Sur les versions précédentes, cette synchronisation passait par le port flash sync du boîtier ou par un bouton filaire collé au dos de l’appareil. Comme tout est désormais logé à l’intérieur, ces solutions ne sont plus possibles, d’où le recours au Bluetooth. Ce double geste constitue le compromis de cette intégration totale : on gagne en compacité et en discrétion, mais on ajoute une étape au déclenchement.

Voici les caractéristiques techniques de I’m Back Roll APS-C :

  • capteur : Sony IMX571, APS-C BSI CMOS, 26 Mpx
  • formats photo : RAW, JPEG
  • vidéo : 4K
  • stockage : SSD interne, 64 / 128 / 256 Go selon le kit
  • batterie : rechargeable, amovible, charge USB-C
  • connectivité : Wi-Fi, Bluetooth
  • synchronisation obturateur : télécommande Bluetooth externe
  • transfert des fichiers : application smartphone dédiée
  • presets : simulations de rendus de pellicules intégrées
  • construction : dos en aluminium (dissipation thermique)
  • écran : aucun
  • compatibilité : reflex argentique 35 mm (y compris boîtiers étanches type Nikonos V)
  • éléments externes : aucun (hors télécommande Bluetooth)

Prix et disponibilité

I’m Back propose actuellement une campagne Kickstarter pour ce produit. Le système I’m Back Roll APS-C sera vendu aux tarifs de 699 $ pour la version 64 Go, 749 $ pour 128 Go et 799 $ pour 256 Go. Les tarifs Kickstarter offrent jusqu’à 36 % de réduction sur ces prix :

La campagne se termine le 15 mai 2026 et les premières livraisons sont estimées à courant 2027. I’m Back précise disposer d’un prototype fonctionnel et que les fonds serviront à finaliser l’électronique de la version de série.

Notre premier avis

Sur le papier, I’m Back Roll APS-C est la proposition la plus convaincante que la marque ait jamais présentée.
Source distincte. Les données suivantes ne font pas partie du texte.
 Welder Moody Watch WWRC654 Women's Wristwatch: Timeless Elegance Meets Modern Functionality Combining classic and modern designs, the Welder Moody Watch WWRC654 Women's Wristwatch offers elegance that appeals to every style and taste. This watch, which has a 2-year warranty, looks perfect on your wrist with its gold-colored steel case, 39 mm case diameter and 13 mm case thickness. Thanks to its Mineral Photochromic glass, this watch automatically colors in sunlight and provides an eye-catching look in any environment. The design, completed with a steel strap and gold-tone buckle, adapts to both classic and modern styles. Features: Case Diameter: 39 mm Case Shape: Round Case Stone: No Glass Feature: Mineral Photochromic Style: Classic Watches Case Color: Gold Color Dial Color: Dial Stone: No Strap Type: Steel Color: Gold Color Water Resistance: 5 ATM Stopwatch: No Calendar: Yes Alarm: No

Et au-delà des specs, c’est la promesse elle-même qui mérite qu’on s’y attarde.

On le voit de plus en plus, notamment chez les jeunes photographes : l’envie de shooter à l’argentique est bien réelle, portée par le plaisir du geste, le look des boîtiers vintage, le cadrage sans écran. Mais le développement reste un frein. Le coût des pellicules et du labo s’accumule et certains font développer les films sans même récupérer les négatifs. Ce qu’ils cherchent, c’est l’expérience de la prise de vue, pas nécessairement celle du processus chimique.

C’est précisément là que I’m Back Roll APS-C trouve sa pertinence. Glisser un capteur numérique dans un Nikon FM2, un Canon AE-1 ou un Pentax K1000 qui dort dans un placard, sans écran, sans autofocus, sans menu, c’est retrouver cette expérience argentique pure, tout en récupérant ses images sur son téléphone quelques minutes plus tard. L’ajout de presets reproduisant le rendu de pellicules iconiques est aussi un bel argument.
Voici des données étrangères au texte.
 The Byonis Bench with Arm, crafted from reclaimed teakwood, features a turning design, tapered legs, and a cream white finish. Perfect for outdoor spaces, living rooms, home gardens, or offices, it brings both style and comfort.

Le point qui interroge le plus reste le déclenchement en deux temps imposé par la télécommande Bluetooth. Devoir d’abord réveiller le capteur puis déclencher ajoute un geste supplémentaire qui pourra dérouter au début. C’est le prix à payer pour l’intégration totale du module, et c’est un compromis qui divise déjà dans les communautés de photographes argentiques.

L’objectif de financement dépassé en une heure confirme que le concept parle à beaucoup de monde. Reste, comme on le soulignait dans notre précédent article, à voir comment cette campagne se transformera en objet final. La promesse est séduisante, les spécifications sont nettement plus convaincantes qu’auparavant, mais le chemin entre un prototype Kickstarter et un produit abouti comme celui-ci est toujours complexe.